Roasted brussels sprouts recipe
slice the brussels sprouts in half, chop a scallion, drizzle with olive oil, and roast for 30 minutes at 350 degrees. 
    For Thanksgiving day, I am eating with my boyfriend's family. My job is to: provide a veggie tray, brussels sprouts, sweet potatoes, pumpkin pie, and apple pie. Working this week, it will be a challenge to make all of this, so I will probably get a pumpkin pie from my family's farm market. I may make the apple pie on Sunday and bake it on Thanksgiving. 
    This month's Recipe redux blog topic is to "redo" a dish that you grew up with into a healthier dish. My mom's job for every thanksgiving was the green bean casserole. Green bean casserole is a high fat, high sodium, and a high calorie dish. Ingredients in my mom's green bean casserole: canned French string beans, canned cream of mushroom soup, milk and fried onions on top.

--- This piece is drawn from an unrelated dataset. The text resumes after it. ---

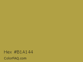 Hex #b1a144 Color is a normal yellow color and the nearest color is Brass #b5a642. Hex code #b1a144 and RGB value is rgb(177,161,68). In RGB color space, this color is composed of 69% red, 63% green, 27% blue, In CMYK color space, this color is composed of 0% cyan, 9% magenta, 62% yellow , 31% black , In HSL color space, this color has a hue angle of 51° , 44% saturation and 48% lightness.

One serving of classic green bean casserole
 (From MyFitnessPal: Campbell's Kitchen)
1 cup serving
calories: 200
Fat: 11 g
Saturated fat: 2.5 g
Sodium: 662.5 mg
Carbs: 21 g
Protein: 3.8 g

One serving of this healthy green bean casserole 
(My recipe on MyFitnessPal)
1 cup serving (out of 8)
calories: 110 calories
fat: 2 g
sodium: 32.9 mg
potassium: 100 mg
Carbs: 17 g
Proteins: 7g


Healthier Green Bean Casserole
Serves: 8
Ingredients:
-"Fried" onions (the topping)
  • 1 onion, sliced in rings or pieces
  • 1/4 cup arrow root
  • 1/2 cup whole wheat flour
  • 2 egg whites
  • 1 1/2 cup milk
  • Optional: seasonal bread crumbs

Directions:
  1. Preheat oven to 350 degrees F.
  2. Cut onion into rings, soak in milk while getting rest of the stuff ready.
  3. In a small bowl, crack eggs and remove the yolk. Keep the egg whites.
  4. In another small bowl, add the flour and arrow root (or bread crumbs).
    (Pictured: onions in milk, egg whites, arrowroot with flour)
  5. Dip the onions into the flour, then into the egg whites, and back into the flour. Place on baking sheet.
  6. Bake for 15-20 minutes, until crispy.

*another way: Add flour, arrowroot, or bread crumbs to a freezer bag. Dip onion rings into egg whites, then add to the bag. Shake to coat the onions. Place on baking sheet and bake for 15-20 minutes, until crispy. 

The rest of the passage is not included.